Assad’s Syria Chides Bread Lines as Civilians Brace for Hit

Syrians are forming bread lines and stocking up on other food as they brace for a possible U.S.-led attack on their soil.

The Syrian government called the hoarding of bread “unjustified,” state-run news agency Sana reported today, citing Minister of Internal Trade and Consumer Protection Samir Amin. The government is ready to provide more flour to meet the increased demand, he said.

Syria’s nominal domestic output has declined about 50 percent after more than two years of civil war from about $60 billion at the end of 2010, according to estimates cited by Beirut-based Byblos Bank SAL. The nation’s economic woes are set to worsen as the U.S. and its allies make preparations to strike Syria after Assad’s forces allegedly used chemical weapons in rebel-held territory last week, killing more than 1,300 people.

A Syrian who didn’t want to be identified for fear of retribution said people were buying larger quantities of food in anticipation of an attack.

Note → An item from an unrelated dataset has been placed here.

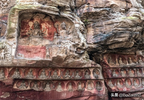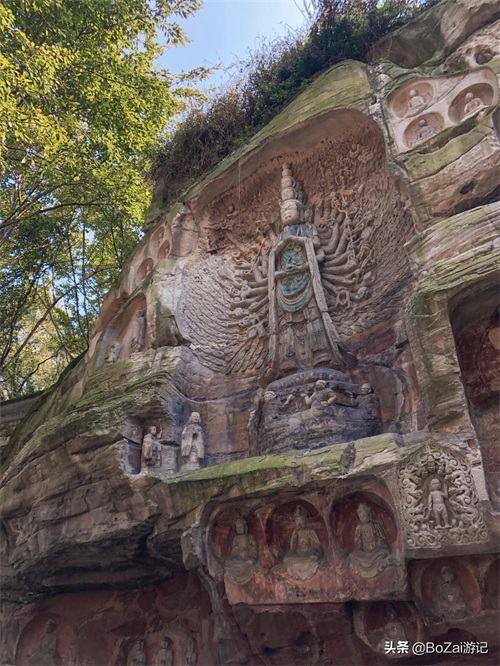 摩崖造像群以千手观音佛像为核心,现存400余尊,多雕刻自明代。佛像大小不一,大者盈丈,小不满尺,但都线条流畅,神态出众。其中“千手观音”“九龙浴太子”“悟道图”“刘海戏蟾”“十八罗汉飘海”等更是上品。

Citizens of all ages are talking about the impending attack, according to lawyer Mahmoud Merei. “Syrians are tired economically and psychologically,” he said by telephone from Damascus today. “They’ve offered a lot of sacrifices. The country has gone backward 30 to 35 years. For the strike to come on top of it, it’s tough.”

‘Far Worse’

Syrian Prime Minister Wael al-Halaqi said state institutions should be on full alert to deal with any emergency. “The government is working hard to guarantee food and medical supplies and there are strategic reserves of all products and bakeries will continue to work round the clock to meet citizens’ demands,” he said, according to Sana.

“The economic situation is going to get far worse, and the ones who will suffer are the people,” John Sfakianakis, chief investment strategist at MASIC, a Riyadh-based investment company, said by telephone today. “The currency will continue to depreciate, inflation will rise, and with sanctions in place, the country’s foreign reserves will soon be wiped out.”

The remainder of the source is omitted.